Medical interventions

The various medical interventions that can be used will depend on what the caregiver feels is the cause of the retained placenta and if the woman is heavily bleeding.

The most common interventions can include:

Oxytocin injections
Manual removal of the placenta
Umbilical vein Injection

Oxytocin injections. In most cases the 3rd stage will be actively managed, so an oxytocin injection (usually Syntocinon) will more than likely already have been given during the birth of the baby. If the woman is having a naturally managed 3rd stage, then the caregiver may only give this injection if the placenta is retained and / or the woman is heavily bleeding.

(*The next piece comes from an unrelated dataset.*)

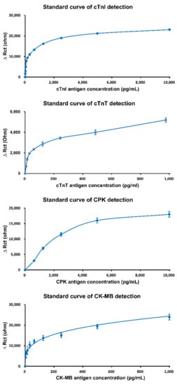 ® biosensor chips were modified with anti-cTnI, cTnT, CK-MB, and CPK antibodies, respectively. We conducted electrochemical impedance spectroscopy (EIS) measurements to determine the reproducibility and accuracy. Let us take cTnI as an example. The CV of the charge transfer resistance

Another oxytocin injection (called Ergometrine) is usually avoided as it can close the cervix too soon and retain the placenta, even if the placenta successfully separates. This is because the drug causes a very strong, constant contraction that is more likely to entrap the placenta rather than release it. Ergometrine may be given in an emergency situation as a 'stop gap' solution to control heavy bleeding before the placenta is manually removed. Oxytocin Injections are discussed in Class 7 .

Manual removal of the placenta. Manual removal of the placenta (also known as MROP) is the most common treatment for a retained placenta. It involves the caregiver (usually the doctor) placing one hand into the woman's vagina, through the cervix and into the uterus. The caregiver feels for where the placenta is attached and uses their fingers to lift the placenta off the wall of the uterus.

Ideally this procedure is done using a general or epidural anaesthetic. Occasionally, in an emergency situation where the woman is bleeding heavily, there may be no time to administer the anaesthetic, and the procedure may be attempted with the woman using the gas.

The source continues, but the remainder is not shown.